PROBLEM REQUIREMENTS – Below are some records; quote exactly the lines from the one that contains "活动现场,通过演绎迎驾、静鞭" through the one that contains "5月30日,貴州省榕江縣古州鎮(zhèn)第四小學四年級學生楊文源(右)在體育課上和同學一起打籃球。新華社記者 鄭明鴻 攝", inclusive, and no others.

MATERIAL SHOWN –
|---|

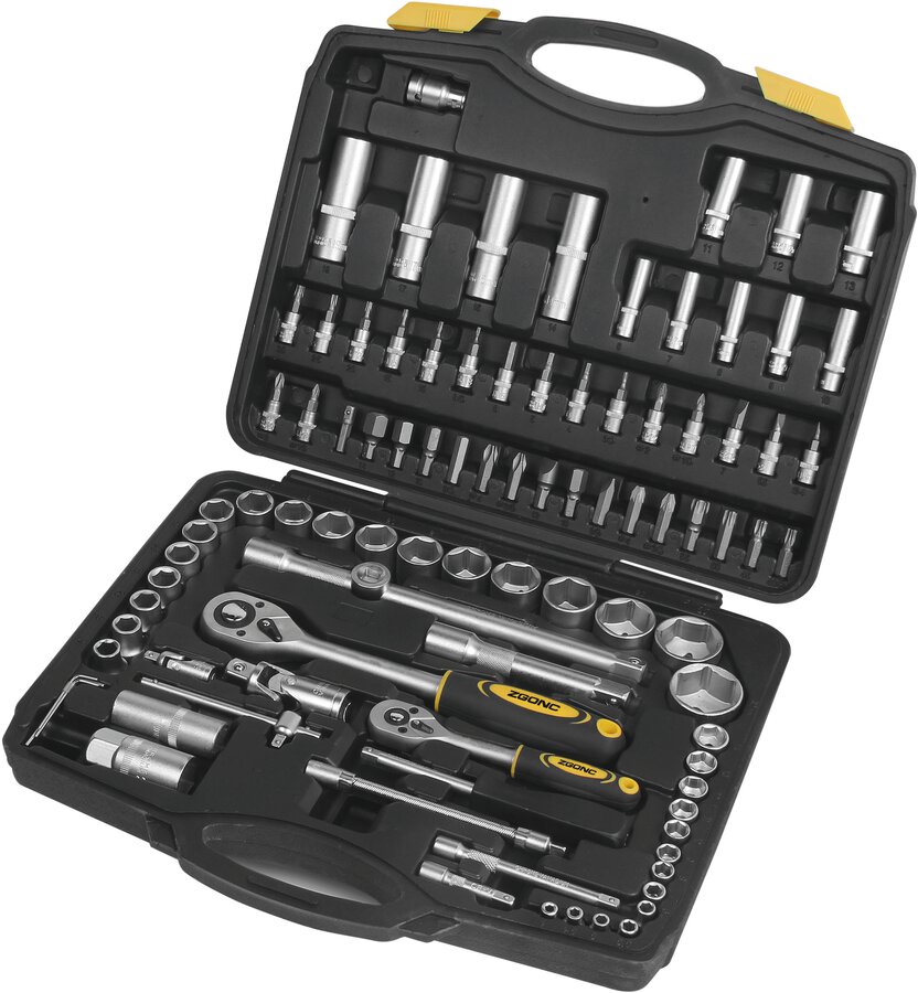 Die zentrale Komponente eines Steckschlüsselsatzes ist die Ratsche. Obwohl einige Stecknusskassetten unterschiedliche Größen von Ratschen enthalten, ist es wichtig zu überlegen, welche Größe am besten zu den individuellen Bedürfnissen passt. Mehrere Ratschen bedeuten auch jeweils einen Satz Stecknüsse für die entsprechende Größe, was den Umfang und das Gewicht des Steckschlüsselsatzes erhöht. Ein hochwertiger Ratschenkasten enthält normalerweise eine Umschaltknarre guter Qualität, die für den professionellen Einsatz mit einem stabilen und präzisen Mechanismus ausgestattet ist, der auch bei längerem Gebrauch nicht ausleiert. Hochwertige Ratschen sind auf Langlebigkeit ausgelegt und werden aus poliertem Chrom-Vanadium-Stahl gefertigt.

|---|

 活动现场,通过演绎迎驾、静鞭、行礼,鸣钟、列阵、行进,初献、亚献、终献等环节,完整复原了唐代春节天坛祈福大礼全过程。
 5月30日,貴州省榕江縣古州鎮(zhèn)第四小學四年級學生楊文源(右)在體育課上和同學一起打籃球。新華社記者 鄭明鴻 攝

|---|

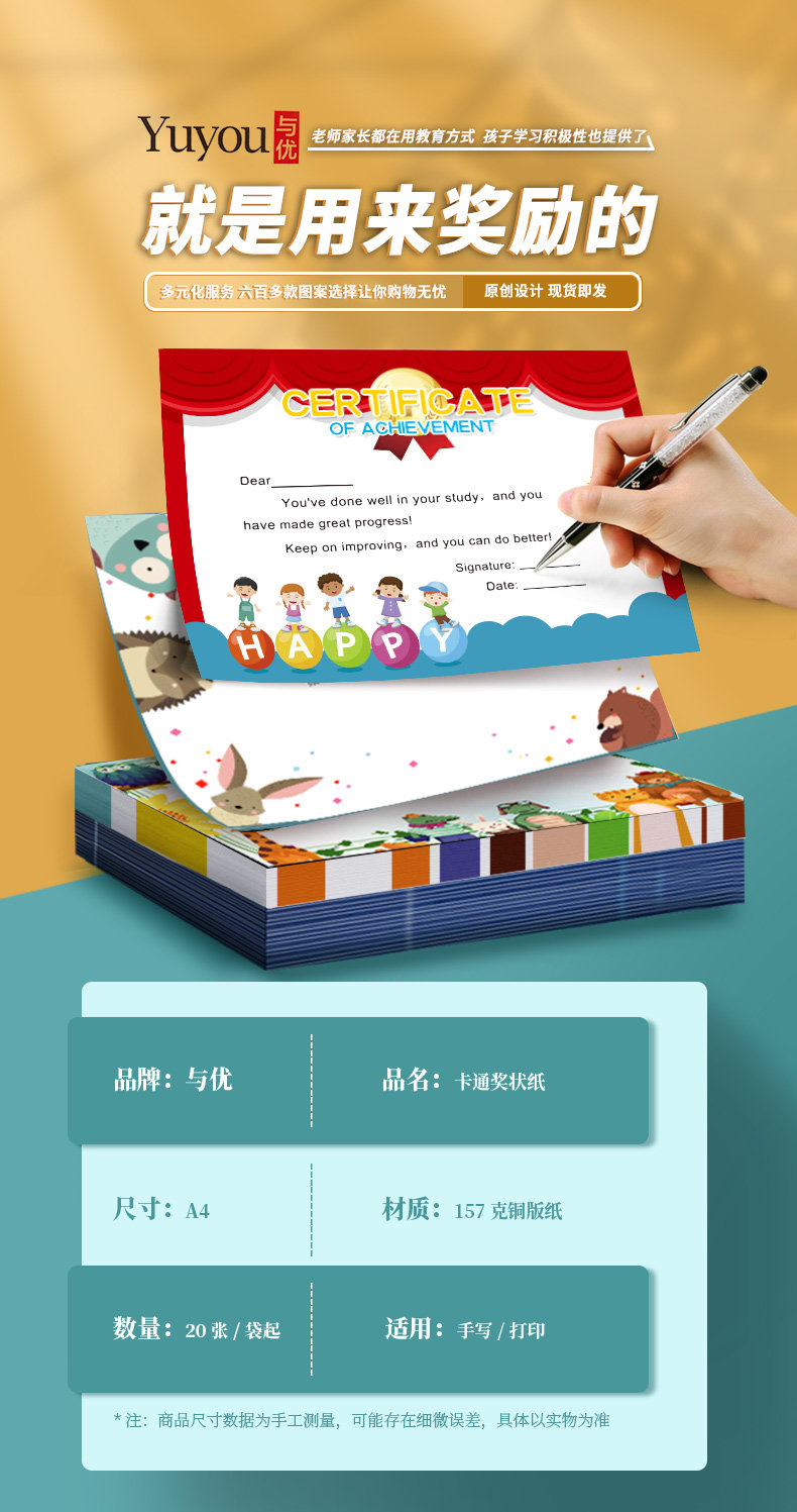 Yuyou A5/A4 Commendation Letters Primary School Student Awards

|---|

FINISHED EXERCISE –
 活动现场,通过演绎迎驾、静鞭、行礼,鸣钟、列阵、行进,初献、亚献、终献等环节,完整复原了唐代春节天坛祈福大礼全过程。
 5月30日,貴州省榕江縣古州鎮(zhèn)第四小學四年級學生楊文源(右)在體育課上和同學一起打籃球。新華社記者 鄭明鴻 攝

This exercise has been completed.